The Chamber has criticized the agency over policy shifts and various rulemaking efforts under Chair Lina Khan (see 2111190039 and 2112030042).
Phillips said the public should participate in an FTC-DOJ review on joint merger guidelines (see 2201180073). Some areas of the document might warrant change, he said, including how enforcers study acquisitions of nascent competitors. But agencies “don’t need a fundamental rewrite,” he said. “And I don’t think we should start from a place where we look at all mergers as negative.” The point of antitrust statutes is to allow the government to stop “bad mergers,” he said, not to “throw sand in the gears of merger markets generally.”
Phillips supports “vigorous enforcement” of the Clayton Act. The law is designed to stop transactions that are “most likely to be bad,” he said. But most deals are either pro-competitive or neutral, said Phillips.

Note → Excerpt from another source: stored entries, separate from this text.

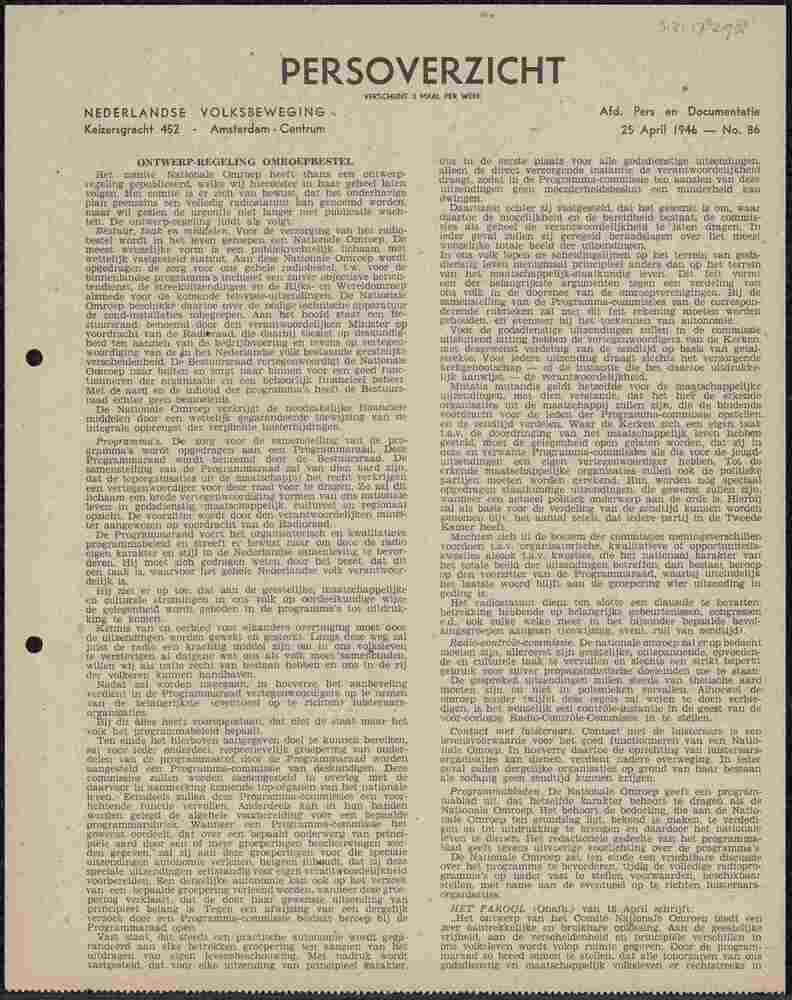 Persoverzicht Nederlandse Volksbeweging, no. 86, 25 ...
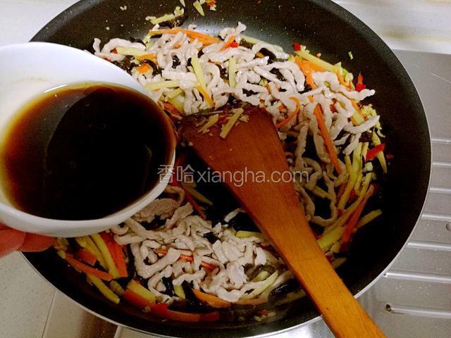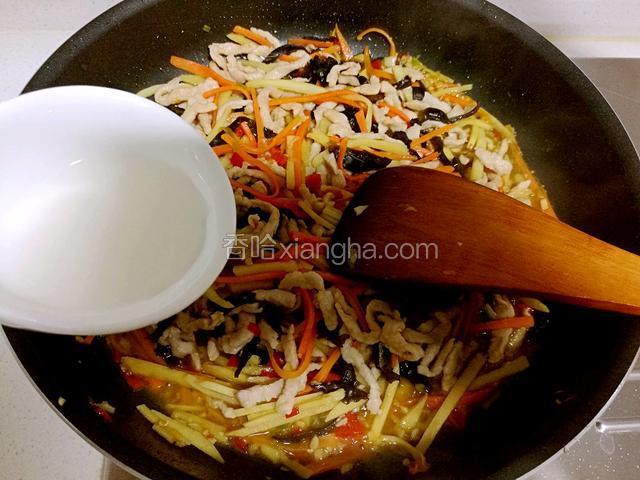 3.1茶匙干淀粉加一点水搅成水淀粉,加入肉丝中用手抓捏到全部被吸收。
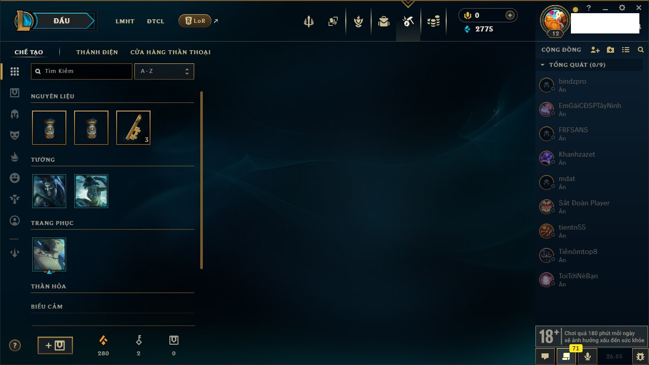 Rank Đơn: Chưa rank mùa nàoKhung: Chưa có khungTướng: 20 - Còn 8195 THXTrang Phục: 2Rank ĐTCL: Chưa RankLinh Thú: 2
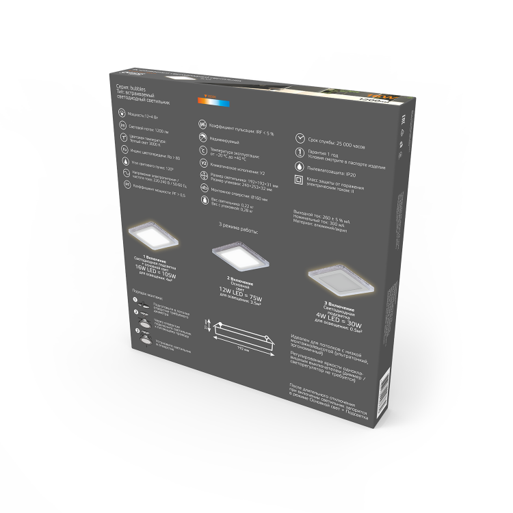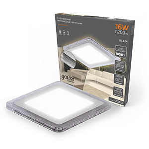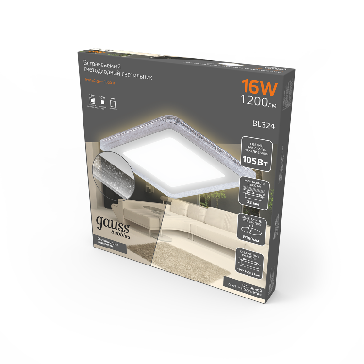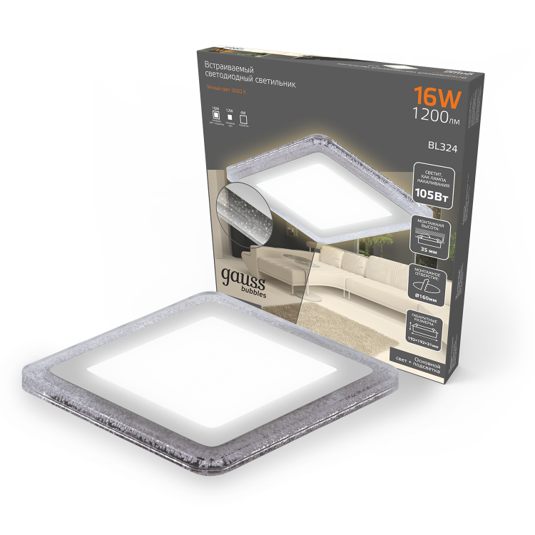 Светильник Gauss Bubbles встраиваемый BL324 форма - квадрат; цвет корпуса - белый с рисунком в виде полупрозрачных пузырьков. Светильник имеет три режима работы - основной, подсветка или оба включены одновременно. Общая мощность составляет 16 w (12+4w). Яркость общего светового потока 1200лм теплого 3000К белого света. У светильника небольшая монтажная глубина, что позволяет его использовать на невысоких потолках. Уровень пылезащиты подходит только для сухих помещений. Материалы корпуса - алюминий, акрил.

Phillips said he’s “increasingly seeing” agencies “not closing investigations” of transactions, leaving entities without answers. “I worry about wasting precious government resources on mergers that are unlikely to be problematic,” he said, calling it a bad use of resources or taxpayer dollars. The agency didn’t comment.
Phillips warned Congress against passing proposals aimed at zero-price markets that may have the effect of raising prices, which would be bad for the consumer, he said. Antitrust “reformers” are “very focused” on corporate power, whether big companies are “good for consumers or not,” he said. Consumer welfare should be the guide, he said: “We are in an inflationary environment. The poor are hurting the most. People can’t pay their bills. Taking the focus off of price right now is the wrong direction.”